Ten seconds to a standing desk (or, the airport lounge story)

Story. Mumbai T2, gate 47, a Tuesday evening in March. My Indigo flight is delayed by three hours — and not the cute kind, the proper Indian airport kind, where the screen says ON TIME and the gate says nothing. I have a board deck due by morning. My laptop battery is at 38%. There are no plug points free because seventeen other people are in the same situation.

This is the part where most people would surrender and order an overpriced sandwich. I had the SoboPad Rise in my backpack.

What I did next

The Rise looks, in its folded state, like a thin panel of card.

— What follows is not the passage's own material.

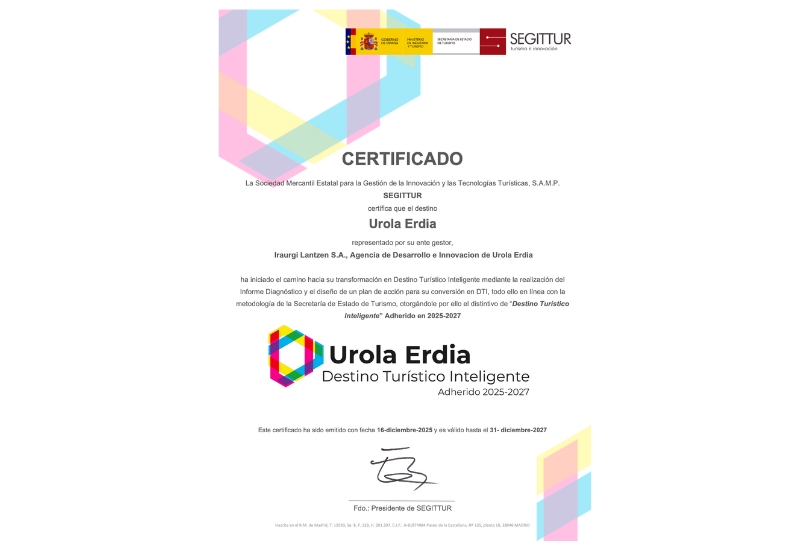 Urola Erdiak Helmuga Turistiko Adimendunaren (HTA) Diagnostiko Txostena eskuratu du, Basquetourrek egina eta SEGITTURren metodologia eta baliozkotzea oinarri hartuta. Txosten honek HTA ereduaren ezarpenari hasiera eman zaiola egiaztatzen du eskualdean.

It weighs less than my MacBook. I pulled it out, found a low table near the window, creased it along the printed fold lines, locked the panels into the third mode, and stood my laptop on it at exactly the height my elbows wanted. Standing-desk mode. In a gate at T2. People stared.

I wrote the deck standing up for ninety minutes. When my flight was finally announced, I folded the Rise back down — eleven creases reverse the same way they assemble — slid it into the laptop sleeve, and walked onto the plane.

Five modes, one panel

There is the flat mode — a thin desk pad if you do not need any elevation. There is the typing-angle mode that ergonomists like. There is the higher mode that gets the screen to eye level. There is the lap mode for when you are on your sofa at 11 pm and the kid is finally asleep. And there is the full standing-desk mode, which is the one that saved me at the airport.

I used to own a motorised sit-stand desk. It cost a small fortune and it lives in the spare room because we moved houses and it is too big to bring downstairs. The Rise lives in my bag. I do not know which of us moved on first.